■ EXERCISE INSTRUCTIONS ■
Take the line containing "12. Med sprøyten" and every line after it to the end of the records, and copy them exactly, excluding pictures.
..............................
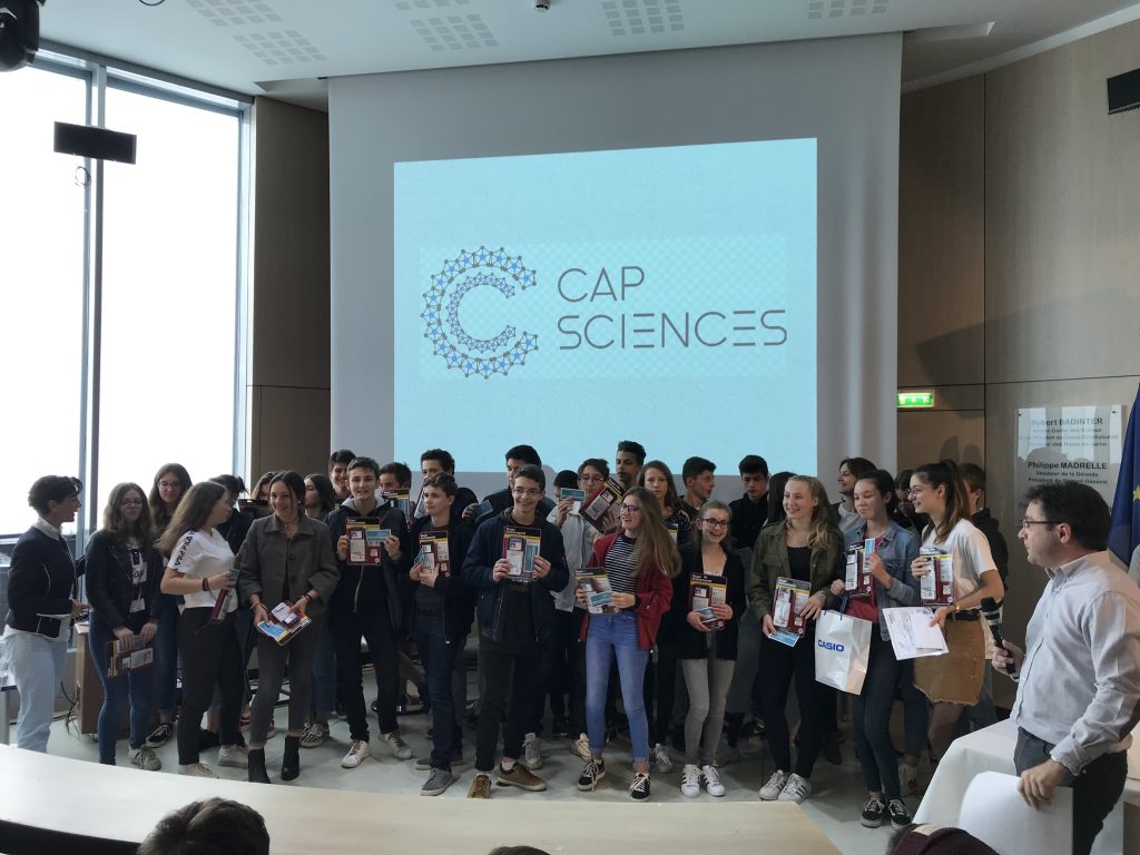 Nos élèves de 3°3 (qui sont arrivés second) ont chacun reçu une calculatrice TI-83 de la part des organisateurs, une place de cinéma offert par la mairie de Salles et une place de cinéma offert par le conseil départemental.
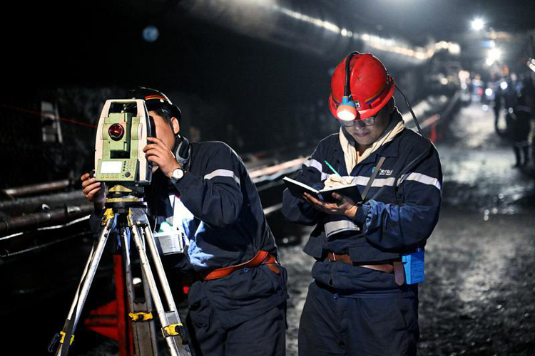 图为职工正操作全站仪开展工作面中腰线测量工作。 (苏旻 摄)
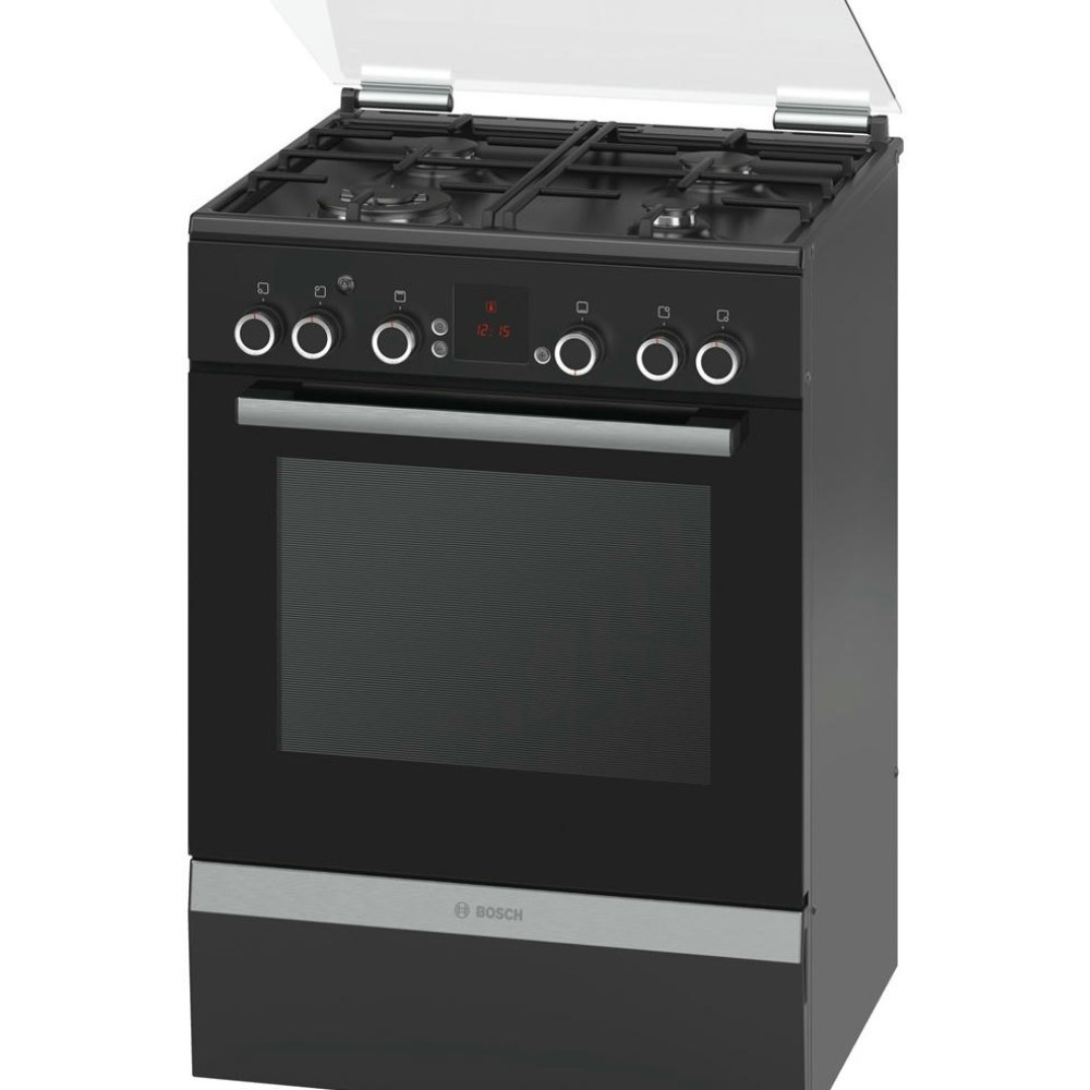Газовая плита в черном исполнении HGA34W365R оснащена крышкой. Стекло защищает стену от попадания жира и других загрязнений от приготавливаемой пищи. Держатели для посуды выполнены из долговечного материала — чугуна. Шероховатая поверхность решеток защищает посуду от соскальзывания. Вместительная духовка позволяет готовить на нескольких уровнях одновременно. Электромеханический вертел расширяет возможности модели. Полностью стеклянная внутренняя поверхность двери обеспечивает легкую чистку.
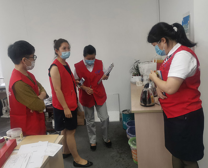 垃圾分類督導(dǎo)小組實地查看了辦公區(qū)域垃圾分類設(shè)施設(shè)備的配備情況,檢查垃圾分類的投放情況,指出了垃圾分類工作中存在的問題。
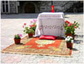 Ogni anno, sessanta giorni dopo la Pasqua, la Chiesa celebra il "Corpus Domini", festività religiosa in onore dell'Eucaristia (il "Corpo" di Cristo sotto il segno sacramentale del pane). Celebrata la Messa, il Pane Eucaristico viene portato per le vie del paese seguito da un corteo di fedeli. Nel rispetto di un'antica tradizione (nata a Firenze agli inizi del 1500 per volontà dei Granduchi medicei e poi diffusasi in tutta l'Italia) coperte e tessuti ricamati vengono stesi da balconi e finestre per abbellire il percorso della processione. In tempi più remoti, le famiglie di Fallo si misuravano in una vera e propria "gara" per ostentare i tessuti più pregiati e variopinti. Ai bambini era dato l'onore di disseminare con petali di fiori l'acciottolato su cui passava il corteo. |
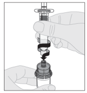 12. Med sprøyten fortsatt festet til adapteren og stempelstangen presset ned, roter hetteglasset forsiktig til pulveret er oppløst. Ikke rist.
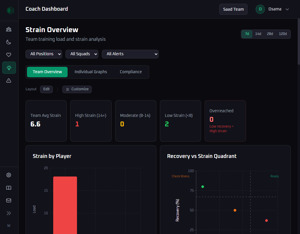 Your dashboard updates every morning with each player's recovery, HRV, and strain score.
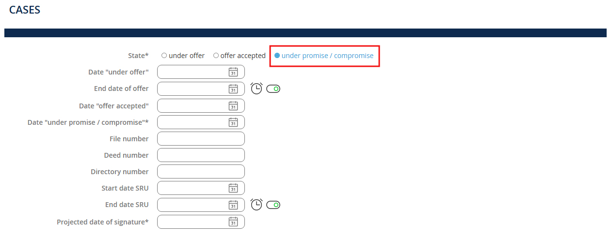 You must at least: 1. Select the status of your file: Under offer, Offer accepted, or Under promise / agreement
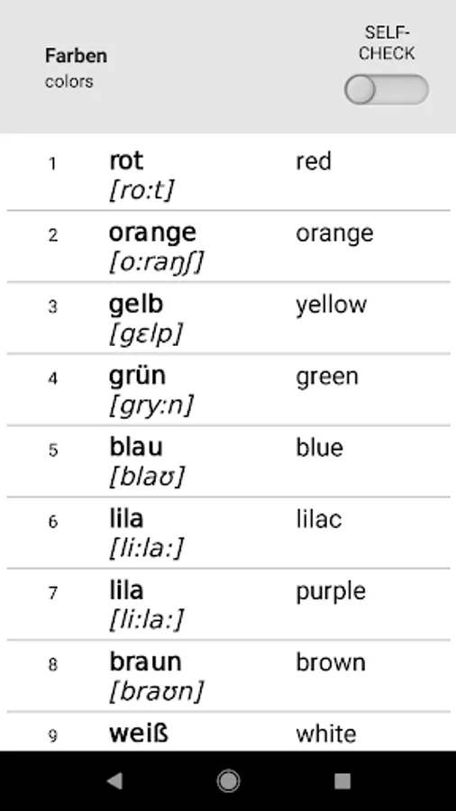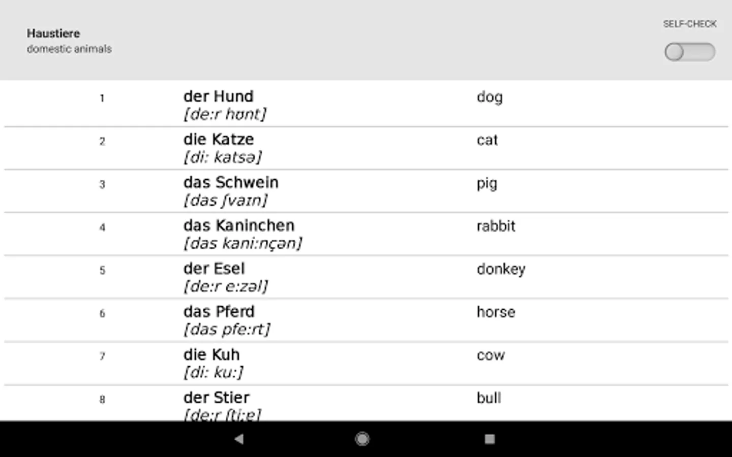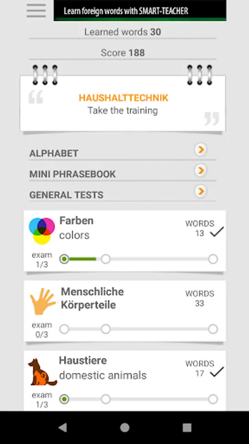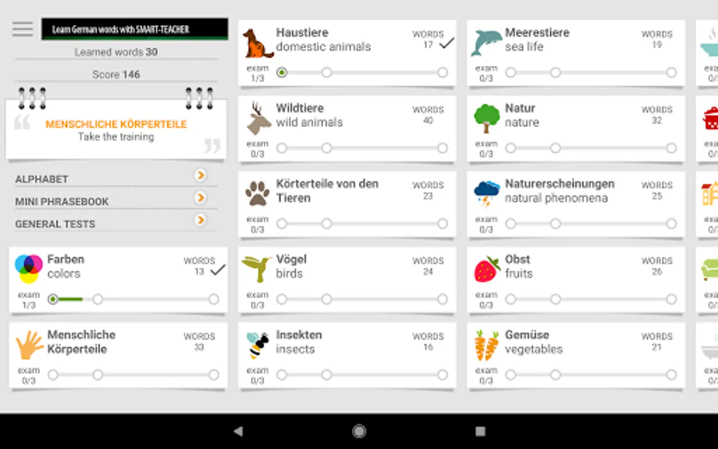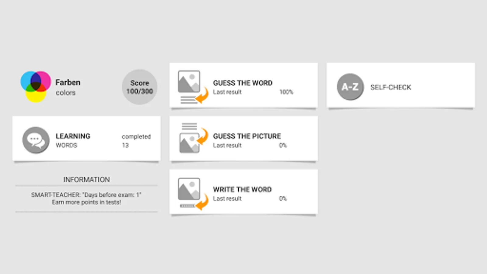 - Testing of the knowledge of the words happens through fun and simple tests:
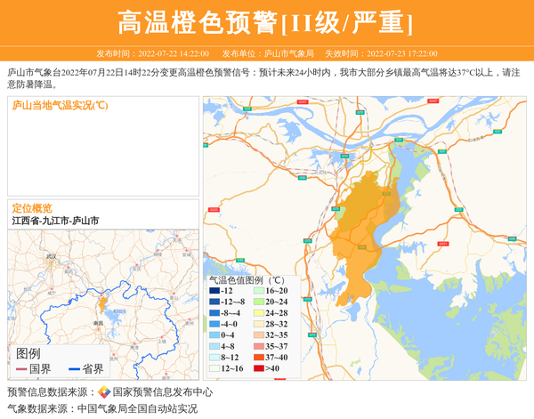 庐山市气象台2022年07月22日14时22分变更高温橙色预警信号:预计未来24小时内,我市大部分乡镇最高气温将达37°C以上,请注意防暑降温。 信息来源:国家预警信息发布中心; 发布单位:庐山市气象局。
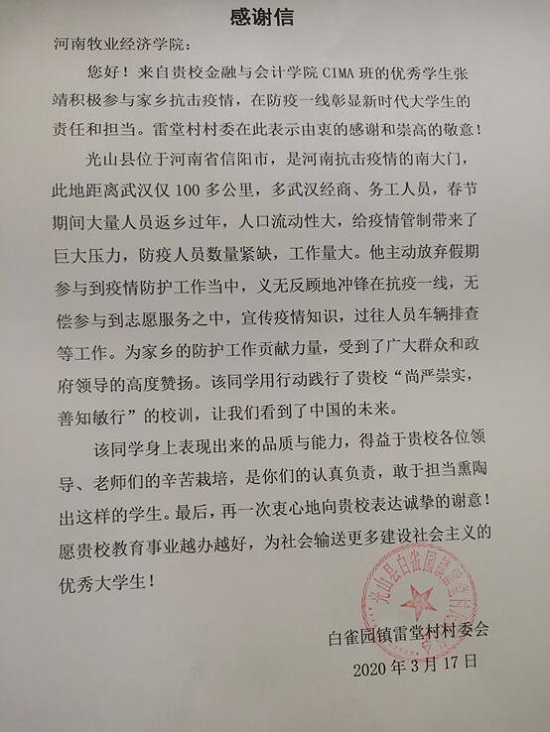 河南省信阳市光山县白雀园镇雷堂村委会特发来感谢信,对我校日本精品一区二区2018级CIMA班的张靖同学在家乡疫情防控工作中的突出贡献予以表彰和感谢。
..............................
■ OUTPUT OF THE EXERCISE ■
 12. Med sprøyten fortsatt festet til adapteren og stempelstangen presset ned, roter hetteglasset forsiktig til pulveret er oppløst. Ikke rist.
 Your dashboard updates every morning with each player's recovery, HRV, and strain score.
 You must at least: 1. Select the status of your file: Under offer, Offer accepted, or Under promise / agreement
 - Testing of the knowledge of the words happens through fun and simple tests:
 庐山市气象台2022年07月22日14时22分变更高温橙色预警信号:预计未来24小时内,我市大部分乡镇最高气温将达37°C以上,请注意防暑降温。 信息来源:国家预警信息发布中心; 发布单位:庐山市气象局。
 河南省信阳市光山县白雀园镇雷堂村委会特发来感谢信,对我校日本精品一区二区2018级CIMA班的张靖同学在家乡疫情防控工作中的突出贡献予以表彰和感谢。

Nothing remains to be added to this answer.